Kristy Bernardo says
YES!!! I can’t wait to make this. And not just because it’s pumpkin season (almost) but this looks like a yummy cake that we will definitely LOVE. Thanks 🙂
Lindsay Cotter says
All of the best fall flavors in one beautiful cake?! Sign me up!
Liz says
A marvelous autumn dessert!! Love the glaze, too!

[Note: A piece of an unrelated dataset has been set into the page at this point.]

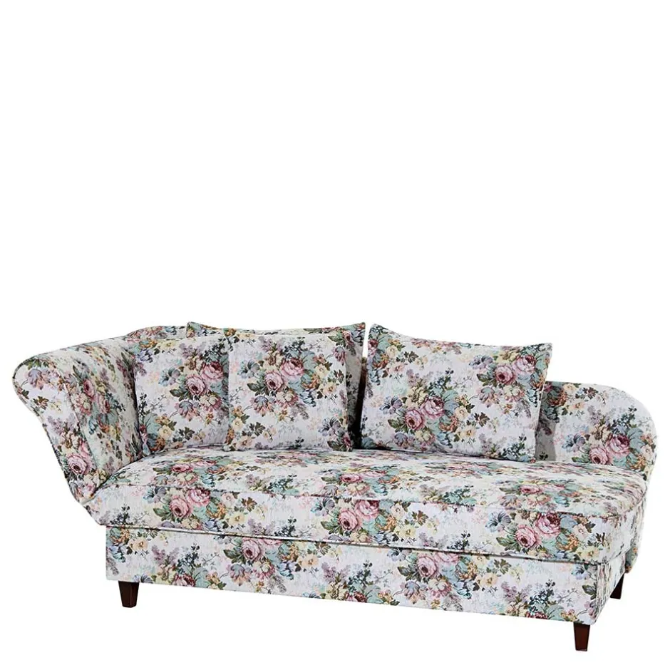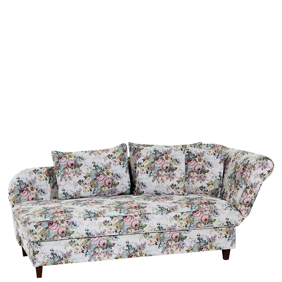 - Romantische Recamiere in Bunt geblümt und Nussbaumfarben
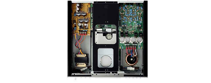 CD-S2100은 완전한 대칭 구조를 제공합니다: 회전로더 메커니즘은 중앙에, 디지털 전원공급 장치 및 회로보드는 왼쪽에 있고, 아날로그 전원공급 장치와 회로기판은 오른쪽에 위치합니다. 완벽하게 분리된 디지털 유닛은 이상적인 중량 밸런스를 제공하면서 아날로그 유닛, 회로 사이의 부정적인 간섭의 영향을 제거합니다. 본체 후면과 5mm(1/4인치) 두께의 알루미늄 전면 패널, 전면으로부터 연장된 센터 프레임은 전체 섀시의 강성을 증가시키고 안정적인 디스크 재생을 보장합니다.

Katie | Healthy Seasonal Recipes says
I love the combination of caramel and pumpkin- so much tasty fall goodness!
Erin says
Such a great cake – love the caramel in there – so good!
Jennifer Blake says
Forget the cake, just gimme that glaze! LOVE anything with molasses! 🙂
Janet says
Is there a whey protein that doesn’t have soy?
Carolyn says
yes, a great many of them have no soy.
Emily says
This looks delicious, but I’m really dying for an amazing pumpkin muffin. Could this recipe be put into a muffin pan successfully?
Carolyn says
https://alldayidreamaboutfood.com/pumpkin-cream-cheese-muffins-low-carb-and-gluten-free/
Dorothy says
What do you use to grease your pan with?
Carolyn says
I grease with softened butter and/or coconut oil spray. Often I do both!
Wendy Ellis says
The caramel flavor that you linked is not available. Is there another one you’d recommend? Is there a difference between Caramel flavoring and Caramel Extract? I don’t want to buy the wrong thing. Can’t wait to try this!
Maureen says
Could I use vanilla whey protein instead of unflavored?
Carolyn says
Sure.
Darlene says
1 and a 1/2 cup pumpkin? That’s Correct? Just double checking. Didn’t see anyone ask in the thread. Planning on doing this for Christmas Dessert. Happy Holidays and Thanks!
Carolyn says
yes it is but if your pumpkin puree is very “wet” you may want to cut back to 1 cup.
Edith says
Another great pumpkin recipe. I love that every recipe I try works. Especially, if I follow the instructions. LOL.
Thanks, Carolyn.
Carolyn says
I’m so glad to hear that!
Joy Lucas says
I just finished glazing this bad boy and man am I excited to try some! I don’t care for swerve and my bocasweet hasn’t arrived yet so I “powdered” some granulated monkfruit in my blendtec. Turned out fantastically! I also have some caramel left to make a keto macchiato in my new espresso machine. This is going to be a great weekend!
Lee says
I adapted this recipe for persimmon pecan bundt cake. Turned out great! I subbed 1.5 cups of persimmon (Fuyu variety) in place of the pumpkin. Also, didn’t have unflavored protein powder so I went with vanilla and omitted the vanilla extract. Turned out moist and very tasty! Will make this again in a couple days with pumpkin and add Lily dark baking chips to it. Love your recipes. Thanks!! 🙂
Carolyn says
Sounds great!
Denise says
An excellent and delish pandemic choice! I was able to maklae this with what I had in the house without demolishing my egg supply. Thanks Carolyn!
Kimberly Culler says
Looking forward to trying this. It is in the oven right now. I had a recipe that was my go to pumpkin recipe before I gave up sugar and white flour that had chocolate chips in it so I am forgoing the glaze and added some lilly’s to the batter. I am so looking forward to trying this after supper tonight.
Amethyst says
I accidentally added 1/4 nutmeg! It was right on top of the ginger, so I didn’t know what to do. I’ve added the clove and will make it anyway. Seriously hoping that it doesn’t completely mess up the cake.
I made the almond ricotta cheesecake last night and it’s all gone! Total hit with everyone!
Dawnj says
Moist, excellent pumpkin cake! Very yummy caramel frosting. Walnuts on top was good with it. Next time will throw some in the batter. Thank you!
Gwen S. says
Can I omit the Whey protein powder – – don’t have this.
Carolyn says
Sure… but your cake won’t rise as well.